#### Problem to work on
Without changing a word, copy every line of the listing below and leave out the images.

#### Provided material
···
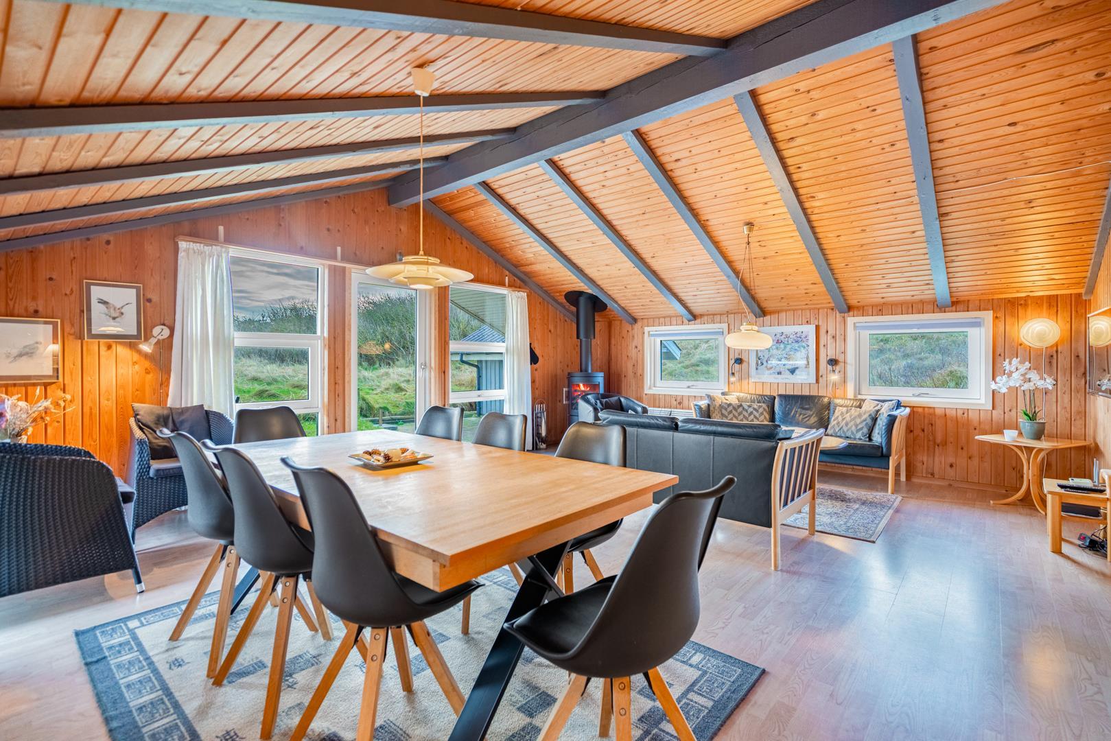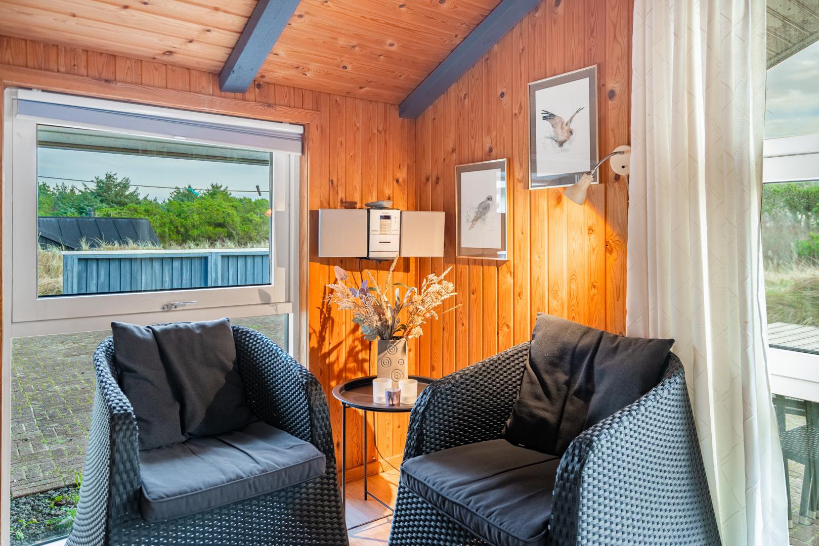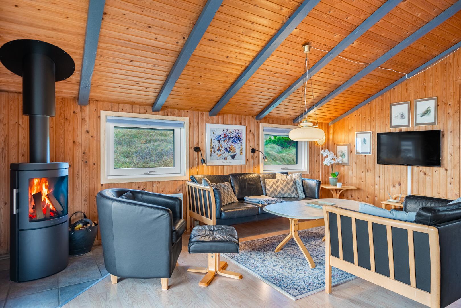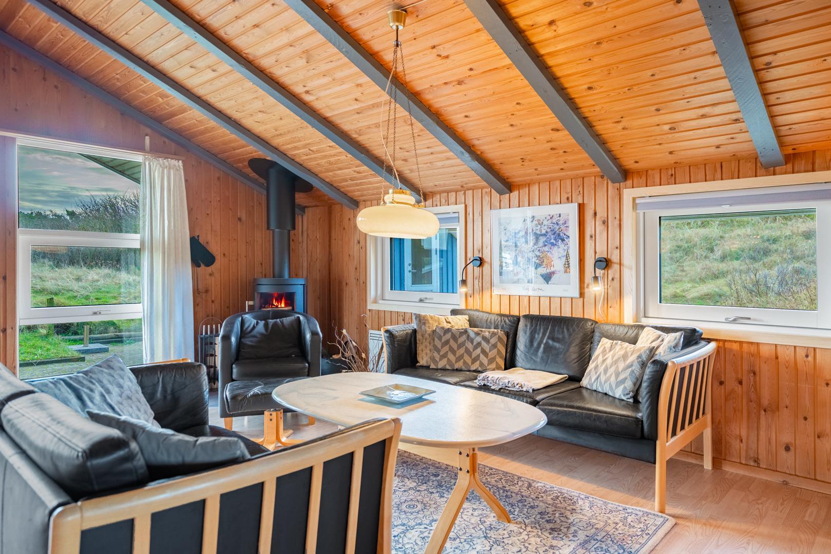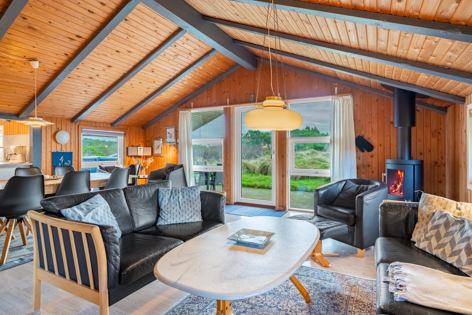 På en pragtfuld kuperet klitgrund tæt ved Henne Mølle Å og Vesterhavet ligger dette hyggelige og velholdte feriehus. Nyere badeværelser, hvoraf det ene er med spa og sauna. Stort køkken i åben forbindelse til rummelig stue. Herfra udgang til delvis overdækket, stor og ugenert terrasse hvorfra der er en flot udsigt over klitterne. Der forefindes en anneks/redskabsrum på grunden.
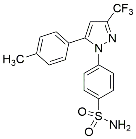 Grade:USPPurity:98 - 102% (Assay on anhydrous basis)Synonym:4-[5-(4-Methylphenyl)-3-(trifluoromethyl)-1H-pyrazol-1-yl]benzenesulfonamideCatalog Number:37734Grade:USPCAS Number:169590-42-5Purity Limit:98 - 102% (Assay on anhydrous basis)MDL NO:MFCD00941298Molecular Formula:C17H14F3N3O2SMolecular Weight:381.37
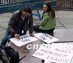 三月十七日在聯(lián)合國安理會(huì)為避免戰(zhàn)爭竭盡所能之時(shí),守候在聯(lián)合國大樓外的反戰(zhàn)者書寫反戰(zhàn)標(biāo)語,為阻止戰(zhàn)爭做最后努力。作者:趙海燕
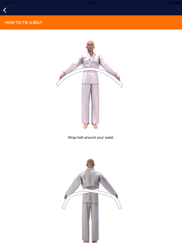 Learn how to tie a karate belt (there is more than one way to do this correctly - this app shows a common method).
···
#### Solved exercise
 På en pragtfuld kuperet klitgrund tæt ved Henne Mølle Å og Vesterhavet ligger dette hyggelige og velholdte feriehus. Nyere badeværelser, hvoraf det ene er med spa og sauna. Stort køkken i åben forbindelse til rummelig stue. Herfra udgang til delvis overdækket, stor og ugenert terrasse hvorfra der er en flot udsigt over klitterne. Der forefindes en anneks/redskabsrum på grunden.
 Grade:USPPurity:98 - 102% (Assay on anhydrous basis)Synonym:4-[5-(4-Methylphenyl)-3-(trifluoromethyl)-1H-pyrazol-1-yl]benzenesulfonamideCatalog Number:37734Grade:USPCAS Number:169590-42-5Purity Limit:98 - 102% (Assay on anhydrous basis)MDL NO:MFCD00941298Molecular Formula:C17H14F3N3O2SMolecular Weight:381.37
 三月十七日在聯(lián)合國安理會(huì)為避免戰(zhàn)爭竭盡所能之時(shí),守候在聯(lián)合國大樓外的反戰(zhàn)者書寫反戰(zhàn)標(biāo)語,為阻止戰(zhàn)爭做最后努力。作者:趙海燕
 Learn how to tie a karate belt (there is more than one way to do this correctly - this app shows a common method).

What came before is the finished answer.